Lauren used to work a different job in community mental health.
And back then, when she had a client who was in a psychiatric crisis, there was only so much she could do.
but then the DCRs would roll in like a Calvary.
DCRs were at the top of the food chain of behavioral health.
You know, when you had a client who wasn't doing well,
the DCRs would show up and they just would take command of the situation
and you didn't always necessarily understand or agree with their decisions,
but they just seemed like they knew what was going on
and they were the folks who actually had the power to get people into treatment and get them help.
I don't know that it always feels that way as much once I became a designated crisis.
The way this is supposed to work is that a DCR calls back Kathleen, gets the basic facts of what's
going on, and a pair of DCRs drive out to her house.
They talk with Kathleen and Michael, talk with Vinny, and try to figure out if Vinny checks
one of four boxes that mean he can be involuntarily committed to a psychiatric hospital.
Box one, he is a danger to himself.
This would mean he is at real risk of suicide.
Box two, he is a danger to others.
This would mean his threats to hurt someone are serious,
and this is important, a result of his mental illness.
You don't have to be mentally ill to want to hurt someone.
Box three, he is a danger to someone's property.
This usually comes up when someone's psychosis
causes them to flood their apartment or set it on fire.
Box four, he is gravely disabled.
This means he'd have to be so much.
disabled by mental illness that he's basically at risk of dying.
When the weather gets really cold, can they find shelter at night?
Are they dressed appropriately for the weather?
Can they safely navigate the streets?
Those are the kinds of things we're looking for.
DCRs say no to involuntary commitment in about half of cases.
Lauren says their job isn't just to make sure people end up in a hospital.
An equally important part of their job is making sure people who legally should not go to a hospital,
aren't forced to. But if Vinnie did check any of those boxes, the DCRs would call an ambulance,
call a police officer to help get Vinny onto a gurney, and then have him brought to an emergency
room where he'd get checked out. So as for Kathleen and Michael's question, why is this so hard?

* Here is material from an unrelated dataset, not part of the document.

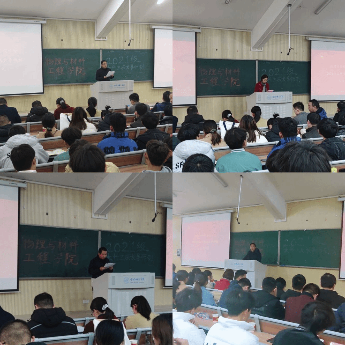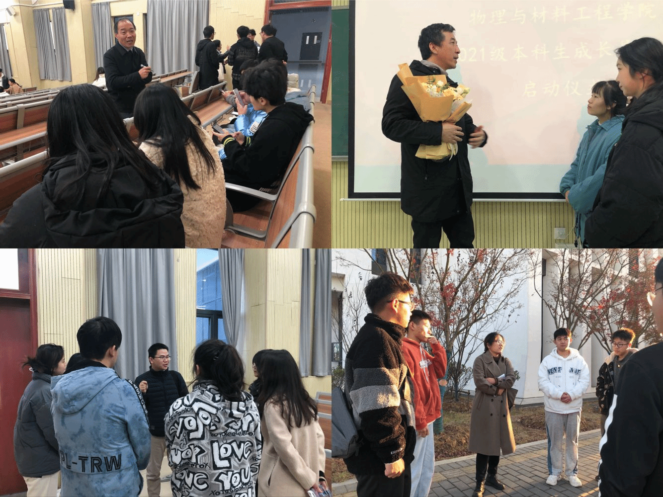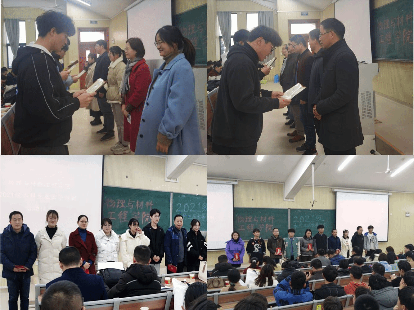 启动仪式上,光信息科学与工程系主任余龙宝、新能源材料与器件系主任訾振发、物理学系主任李冬鹏、材料科学与工程系主任王琳分别宣读了各专业的导师名单及对应指导的学生名单。随后各专业老师分组上台,接受学生代表诵读拜师词、呈送拜师帖、行拜师礼。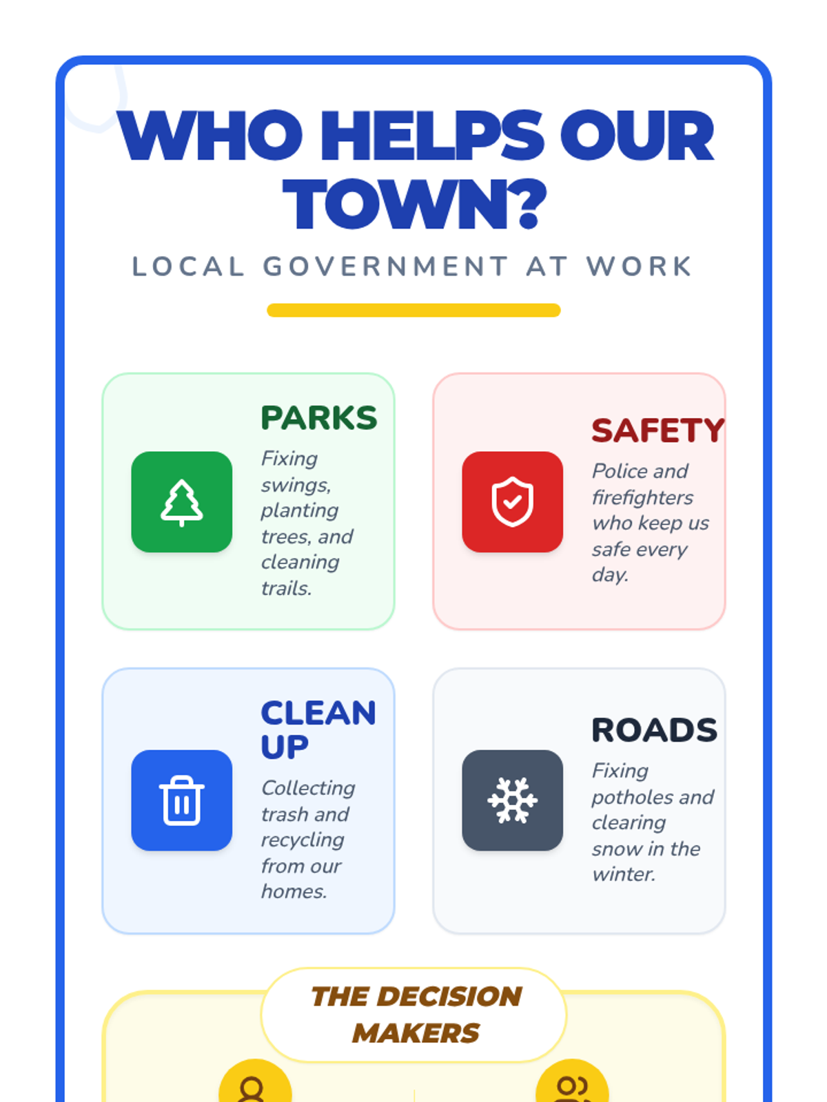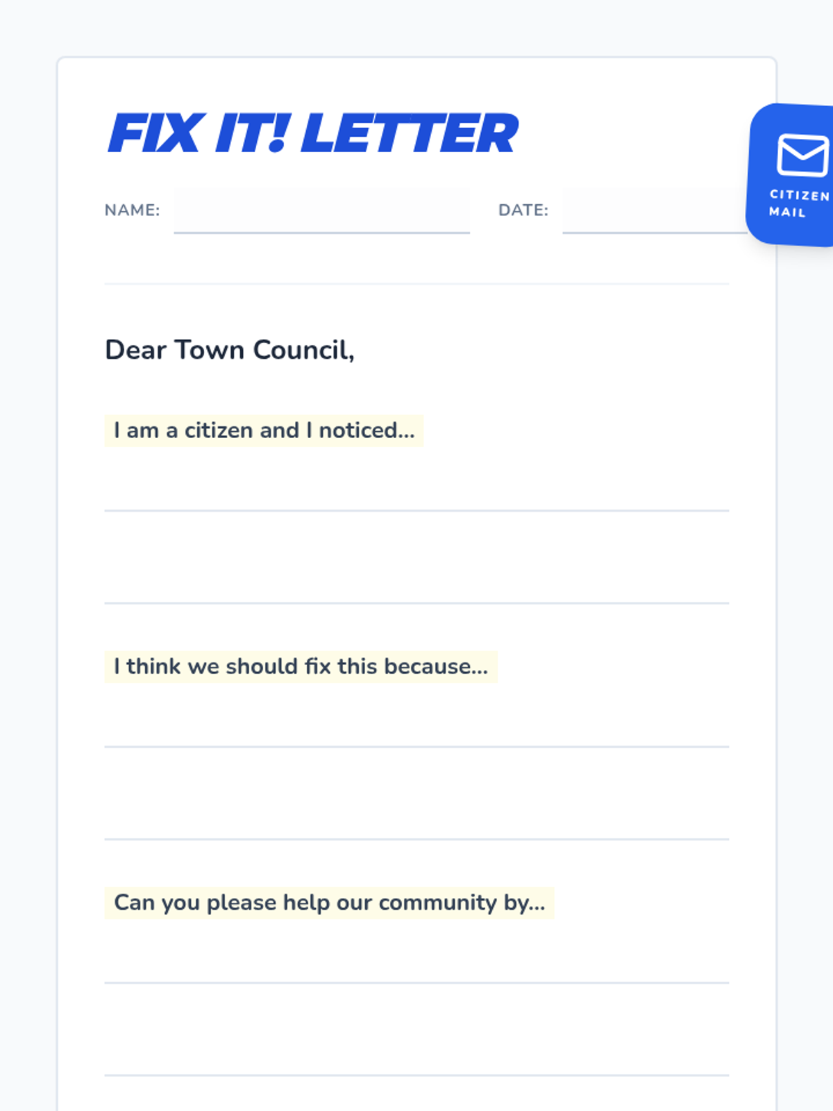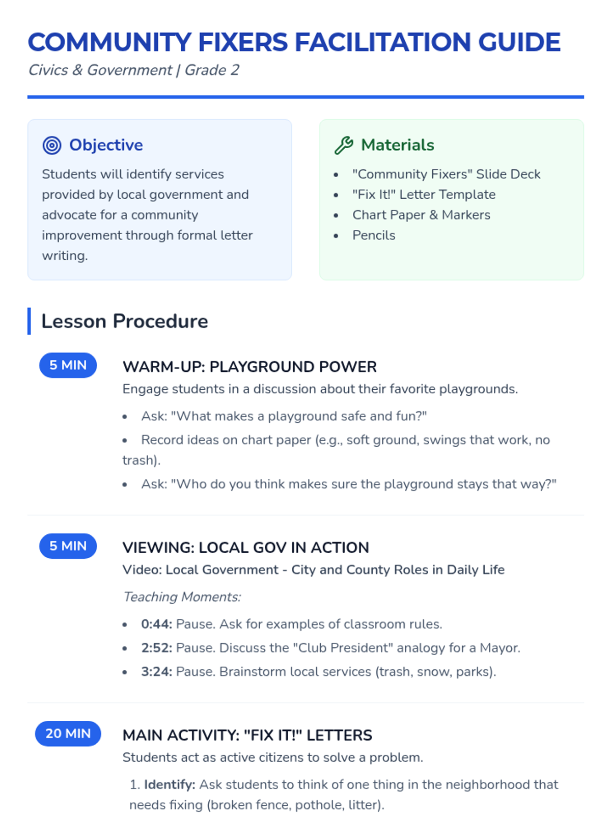Students explore the roles of local government, specifically Mayors and City Councils, through a video about civic services. They learn how citizens can advocate for change by writing a 'Fix It!' letter to address a specific community problem like a broken swing or litter.

The first answer, like so much of what's wrong in psychiatric care, is a simple matter of
resources. In the county where Seattle is, a county with more than two million people, there are
currently 30 DCRs responding to these calls. They're supposed to be 42, but about a third of the
jobs in this office sit empty. I believe it probably goes back to funding and we need to pay people
more. This job is very difficult. We're a 24-7 program, right? We never close down. So you're
could potentially end up on night shift. You're going to be working weekends. We work holidays.
You know, so it's pretty demanding. Back at the height of the pandemic, so many other
psychiatric services shut down that pretty much every crisis fell on the DCRs. They were getting
200 to 250 calls a day. Their average response time shot up to 11 days. A lot of DCRs decided they
could find better paying less stressful work elsewhere. DCRs are required to respond to calls from
hospitals and jails first within a couple hours. But when regular people like Kathleen and Michael
call, there's no limit. So they're left waiting. Today, the average response times are down to
two to three days, which is better, but still in eternity for people like Kathleen and Michael.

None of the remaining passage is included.